In a small gallery on the Lower East Side, three gallons of artificial breast milk pumped through tubes coiled and scattered across the concrete floor accompanied by a low mechanical whirring. The exhibition, Ecologies of Care from the studio and life of artist Ani Liu, greeted visitors with the trappings of motherhood in action: glass vials filled with breast milk, baby formula, and diaper remnants, meant to illustrate in real time the constant labor required to properly care for a newborn. And in the center of it all—of the imprints of a hardworking new mom and her machines—stood a gently glowing platform on which a curious glass-like object sat.
If you’ve ever taken an anatomy class, you may be familiar with what a pig uterus looks like (I will never forget my AP biology teacher’s startled scream as she discovered one floating in a bucket of formaldehyde she forgot she had). The uterus is long and sprawling, and each pig fetus inhabits an individual compartment, stacked along a two-tailed tract. I found myself once again greeted by its undulating form many years after holding one in AP biology. Because on that glowing platform in that small gallery on the Lower East Side sat a precise replica, 3D-printed in a glassy resin, incubating growing pig and human fetuses in chambers side-by-side. That’s right. Pig AND human fetuses. Together.
Believe it or not, Liu based this sci-fi sculpture, The Surrogacy (bodies are not factories), on real-world research. Sometimes science is indeed stranger than fiction, and the field of interspecies pregnancy most certainly toes the line! In a desperate effort to help endangered giant pandas procreate more successfully, scientists in the early 2000’s attempted to impregnate cats with panda embryos. Many of these embryos—which the scientists previously cloned in rabbits—seemed to take, but the project didn’t end up continuing.
While using science to bolster the reproductive rate of an endangered species seems noble, Liu asked another, more extreme question.
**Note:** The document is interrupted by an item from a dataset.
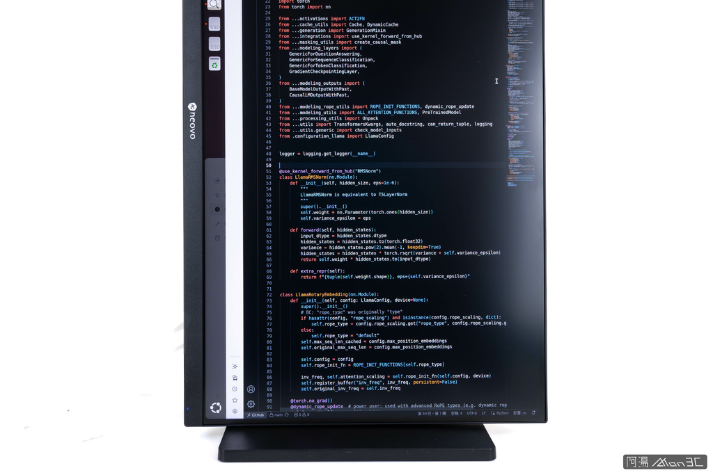 螢幕可以直立,而這功能最大的受益者就是碼農了。一次就可以瀏覽多行程式碼,搭配 4K 解析度的加持,程式碼一清二楚,文字也不會出現彩邊,令眼睛舒服許多。

From pandas to people, what would happen if we tried to do the same thing with human embryos? Unloading the burden of motherhood off women and onto animals?
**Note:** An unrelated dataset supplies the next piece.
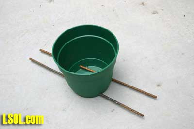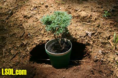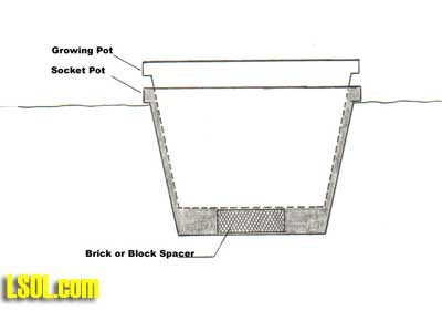 Okay, all of you that do not want to have live plants on your outdoor large scale train layout, raise your hand. You folks may be excused. Before you leave might I suggest that you pave your back yard and do away with the weed problem that you have. Now. . . you folks that are still here, how many of you have less than a green thumb? Just as I suspected, the majority of you. Hey! I can kill a plant with the best of them but, I am always looking for ways to avoid killing them AND I'm always trying to do things easier. That brings me to the topic of pot-in-pot. An idea "borrowed" from the plant nursery business. Those guys have discovered that by growing a plant in a container (Growing Pot) while that container is inserted into a second container (sleeve or socket pot) really makes life easier. The sleeve/socket pot in turn is inserted into the ground. (See figure 1)  I wish I had all of the "non-plant" people back. I would want to ask them WHY do you not want to have plants? I'll bet some answers would be; ". . .plants are too much trouble to keep alive."; or , ". . . I hate having to get down on my hands and knees to prune or trim them."; or maybe "the dirt in my yard won't grow anything." The excuses can be endless. While using pot-in pot will not solve all of the chores or problems in having plant material it can make things easier. Growing a plant in a container, in another container, isn't the whole picture. For example the guys who have dirt (see above) can easily over come their problem by using a growing media in the growing container that is much more supportive of good plant growth. Modified Growing Media Supplying correct amounts of water and fertilizer to plants is a function of a good growing media (soil if you like). Being loose (friable) enough to allow good root penetration is another characteristic of a good growing media. Did you ever look at what plants are growing in that you purchase in containers from a local nursery or garden center? Odds are there is little or no soil (definitely not dirt) in the pot. It is a "man-made" growing media. The recipe can vary from grower to grower but peat moss and/or bark are likely to make up the bulk of the media around the roots. And those little things that look like bug eggs on top? Fertilizer! Actually slow release fertilizer. Now, lets take a lesson from those growers. Let's not plant our plants in dirt, but, instead, plant them in a container with a mixture of peat moss and, say, sand and good top soil. About a 2:1:1 ratio. That is two parts peat moss + one part sand + one part top soil. That is a recipe that has worked for me. (But, trust me, there are thousands of possibilities for good growing media recipes. ) Now this combination can provide a good supply of water to the roots provided rainfall and watering is adequate. But, those combined ingredients probably will not provide adequate fertility for good healthy plants. That is where the bug eggs (OH sorry) the fertilizer comes in. You can purchase slow release fertilizer at any reputable garden center or plant nursery. All the way from small bottles for house plants up to boxes or bags weighing upwards to 40 or 50 pounds. The key is slow release. Why? You put the recommended amount (check the package) on the top of the growing media in the early spring; keep the plant adequately watered (that can be another topic for an article); and you are good for an entire growing season. Now for you folks that don't want to bother mixing your own growing media there are several good potting mixes on the market. Select a brand name potting mix such as Miracle-Grow and avoid the "Brand-X" medias. You will be glad you did. Mechanics of Pot-In-Pot Now that we have established that we need to modify the stuff in which the plant grows, lets look at the mechanics of using the pot-in-pot technique. In the nursery business they make special growing/sleeve pot sizes but for us outdoor train folks we can simply use two containers of the same size assuming they are made with a taper on them where one will fit into the other. Most plant containers are made that way so a source of containers is not a major issue. Let's first take a look at the sleeve or socket pot. It should be buried in the soil so that the top of the container is flush or slightly above the surface of the ground. It doesn't really matter as long as the top of this container is eventually hidden with a mulch cover, (See figure 2)  One problem that might be encountered with this sleeve or socket pot is that it might have a tendency to "stick" to the growing container if there is a need to pull the growing pot (with the plant in it) out. The idea is to have the socket/sleeve pot to stay in the ground to accept the growing pot when replaced. There are at least a couple of easy ways to avoid this possible problem. One is to anchor the socket/sleeve pot in the ground. I use short pieces of steel rebar poked through the pot and protruding out the sides. (See Figure 03)  The pot is then buried with the rebar sticking out into the soil. This will typically be enough of an anchor to hold the pot in the ground. (See Figure 04) Another option is to place a spacer such as a brick or block of wood in the bottom of the socket/sleeve pot to keep the growing pot from coming into direct contact with the socket/sleeve pot. (See figures 5 and 6) This will cause the growing pot to be perched a little higher but if a good layer of mulch is applied no one will be the wiser.  So . . . why bother?  There are several benefits of planting your major plants in containers. Particularly if you are an old codger like me who hates to get down on your hands and knees to maintain your plants like shaping and pruning a plant to look like a miniature tree. I can simply pull the plant out still in the growing pot; take it to a comfortable work bench or table; do my work such as pruning or adding slow release fertilizer, etc; then stick the plant back in the ground i

“In using the pig as a vessel, it felt almost like equating my own body with that of livestock,” Liu said in an interview with Artnet. “I wanted to show that we don’t actually need artificial wombs, we really need better policies.” As the title of Liu’s piece clearly states, Bodies (women’s and pigs included) are not factories, and they (as well as the people they belong to), shouldn’t be reduced to being treated as biological machines. It’s a statement as political as it is scientific.
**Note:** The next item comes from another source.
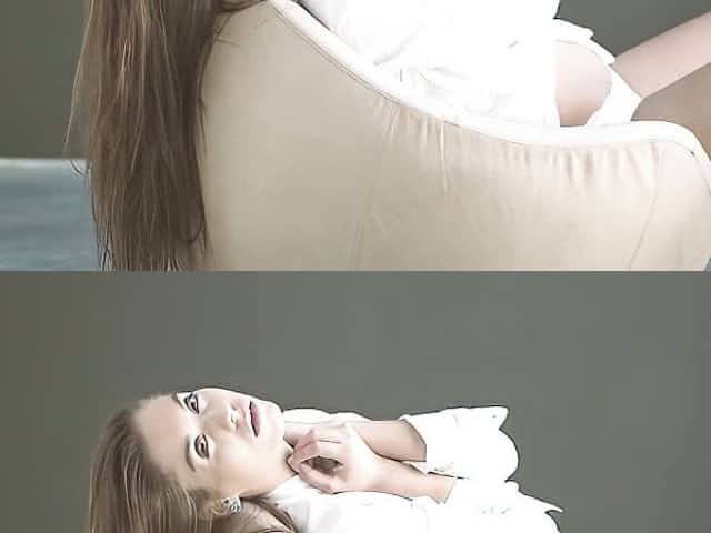 Huge natural boobs MILF Iryna Ivanova posing in provocative white lingerie

But what does this have to do with organ transplantation? The Surrogacy offers a critique not only on the social landscape surrounding women’s bodies and our culture of motherhood, but it also raises questions about how we should be using livestock to produce life-sustaining goods.
The pig kidney Richard Slayman received was the product of 69 genetic edits made using CRISPR-Cas9—grown in a living, breathing animal. These edits disrupted (or “knocked down”) three genes involved in the production of antigens that normally activate the human immune system, inserted seven human transgenes into the pig’s embryo to improve integration of the kidney with the patient’s native bloodstream and to reduce inflammation overall, and made 59 additional genetic changes to inactivate retroviruses native to the pig genome. These retroviruses have the potential to infect human cells, potentially creating tumors and immunodeficiencies in the recipient, if active.
Dr. Leonardo V. Reilly, Medical Director for Kidney Transplantation at Massachusetts General, who performed Slayman’s kidney transplant, views these pig kidneys as a way to extend the lifespan of critically-ill patients on the organ transplant list—an option previously off the table for many due to our country’s chronic organ shortage.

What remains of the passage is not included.